Grok 4.3 finally shows its work. The traces are messier than expected.

Grok 4.3 gives us our first broad PsychBench look at xAI reasoning summaries, and the summaries leak more than poker strategy.

12,210

decisions analyzed

200 heads-up games

341

cross-language leaks

Japanese or Chinese in English traces

9,267

max reasoning tokens

on a folded full house

TLDR

Earlier Grok 4.x runs were mostly black boxes for us. Then something changed on the API side. With Grok 4.3, the API returned readable reasoning summaries on almost every decision in our heads-up tournament. That's useful, but it also changes what we're looking at.

The main surprise: the visible text doesn't behave like a clean transcript of the model's thinking. It behaves more like a compressed summary artifact, and the final tool call can still go a different way.

The visible summaries behave like lossy artifacts, not raw chains.
189 summaries leaked Assistant: scaffolding or summarizer-style instructions.
341 summaries mixed Japanese or Chinese characters into otherwise English reasoning.
85 summaries said “I fold” while the final tool action did something else.

The summaries give away the process

Grok 4.3 averaged 876 reasoning tokens per decision, but the visible summary averaged only 159 characters.
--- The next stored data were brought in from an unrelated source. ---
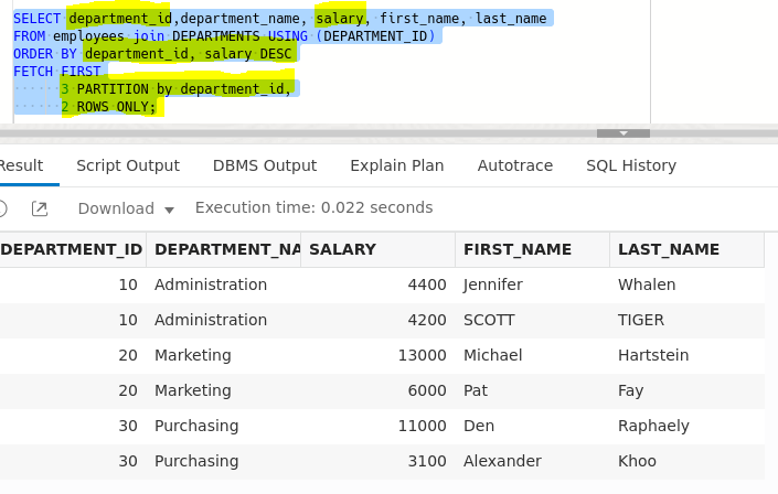 SELECT department_id,department_name, salary, first_name, last_name FROM employees join DEPARTMENTS USING (DEPARTMENT_ID) ORDER BY department_id, salary DESC FETCH FIRST 3 PARTITION by department_id, 2 ROWS ONLY;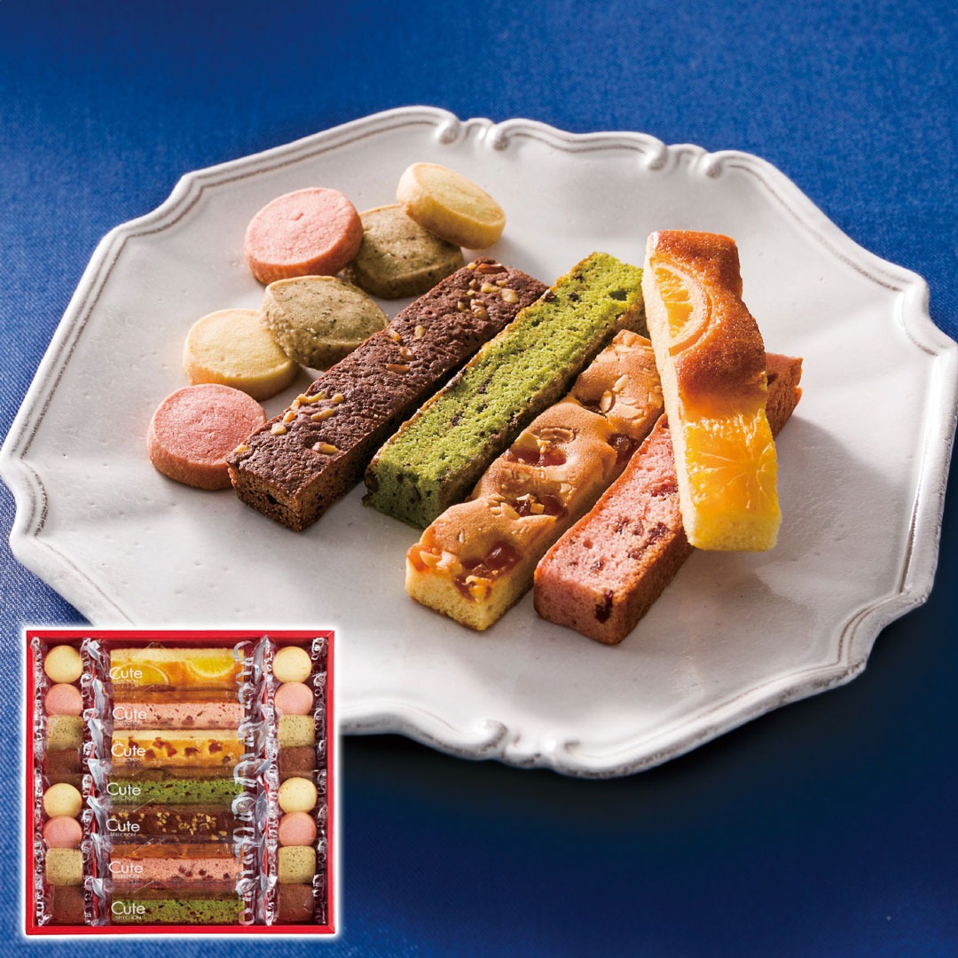 現品サイズ・内容:ケーキ(オレンジ・キャラメルアップル各1個・ミックスベリー・抹茶ショコラ各2個)・ニューヨークブラウニー1個・クッキー(ショコラ・ストロベリー・アールグレイ・レモン各4個)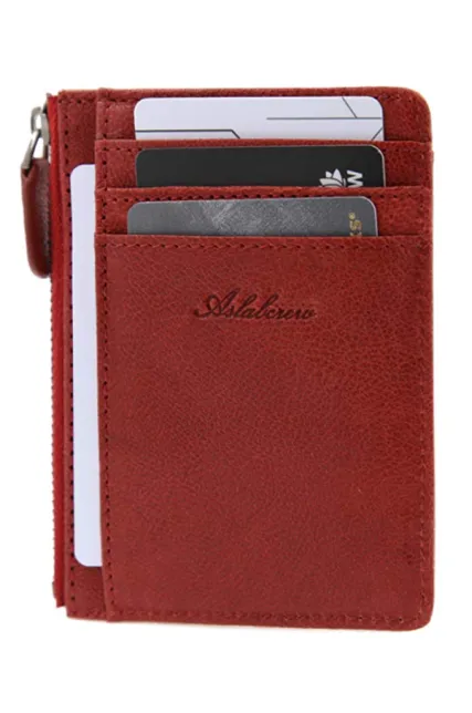 AslabCrew Minimalist Genuine Leather Zipper RFID Blocking Front Pocket Wallet, Slim Card Wallets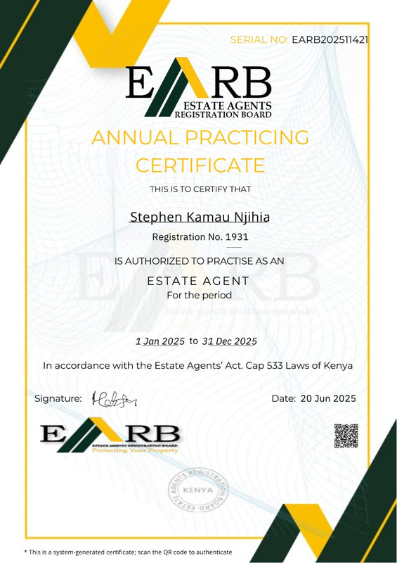 A registered Estate Agent and member of the Institution of Surveyors of Kenya (ISK). Experienced in surveying for KPLC and the Rural Electrification Authority.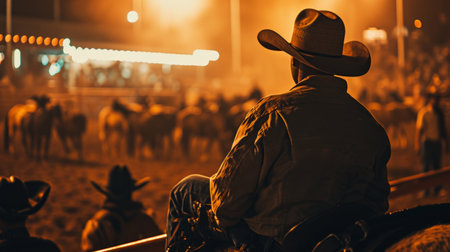 Generative AI A bustling scene at a rodeo, capturing the exhilarating moments as a cowboy competes in a thrilling event.

That's not a transcript. It's a tight compression of something longer.

The strongest tell is that 189 summaries contain exact Assistant: artifacts. Some leak summarizer-style instructions directly, like a prompt to turn detailed hidden deliberation into a clean final response.

What we can observe

The API exposes artifacts, not the full chain

Reported reasoning budget

tokens

API metadata reports 876 reasoning tokens on average. We don't see the full chain.

Visible summary

summary

The text returned to us averages 159 characters and sometimes leaks summarizer-style scaffolding.

Final tool call

action

The action can disagree with the visible summary, so the summary alone can't explain the move.

12,177

visible summaries captured

159 chars

average visible summary length

189

summaries with exact Assistant: artifacts

Counts come from Grok 4.3 rows in may3_300pm_hu and may4_242pm_hu. We counted 12,210 Grok decisions, 12,177 non-empty summaries, and a max of 9,267 reasoning tokens.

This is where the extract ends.